If you do nothing else, do a comparison of the treatment of the octopus on page one of this book, with the “septapus” in question from page seven of the previous review:

over in the ocean in a coral reef

When looking at any of the pages here, keep in mind these things…  every illustration:  clay.  Illustrate the riot of color and complexity of a coral reef…  in clay?  Absolutely.  This is a serious work of art in my opinion.  The ocean looks like Vincent’s Starry Night, and the lyrics (which correspond to music in the final pages) are quite fun.  And to think- this book is a “numbers” book as well.  Hard to compare to the previous book.  Over in the Ocean truly builds the counting exercise into the structure of the story in a very organic and engaging way.

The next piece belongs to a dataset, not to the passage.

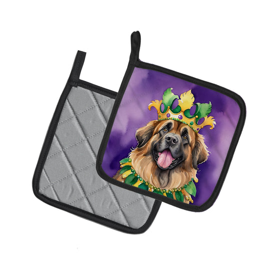 Leonberger King of Mardi Gras Pair of Pot Holders

In Over in the Ocean, parrotfish “grind,” clownfish “dart,” stingrays “stir,” pufferfish “puff,” dophins “jump,” angelfish “graze,” needlefish “skitter,” grunts “grunt,” and seahorses “flutter.”  The octopus has eight tentacles.  Parrotfish grind coral.  Stingrays stir in sandflats.  Emperor angelfish look exactly like emperor angelfish.  Bluestriped grunts, both mommy and babies look precisely and act exactly like Haemulon sciurus-  just ask my marine biology students.

Connections

Of course before publishing this post, I wanted to ask explicit permission to include a page from the author herself.  In that correspondence, I gained even more insight into the book including her opinion on the Septapus:

“As a former children’s librarian, I can tell you it would never have made it in my library, or my school for that matter (I was also an early childhood educator in NY before moving to Florida).”

Enjoy this book.  Enjoy the proud scientific accuracy.  Enjoy the gorgeous art adorning each page.  But perhaps most importantly, enjoy a book that is an interdisciplinary dive onto a coral reefs for kids.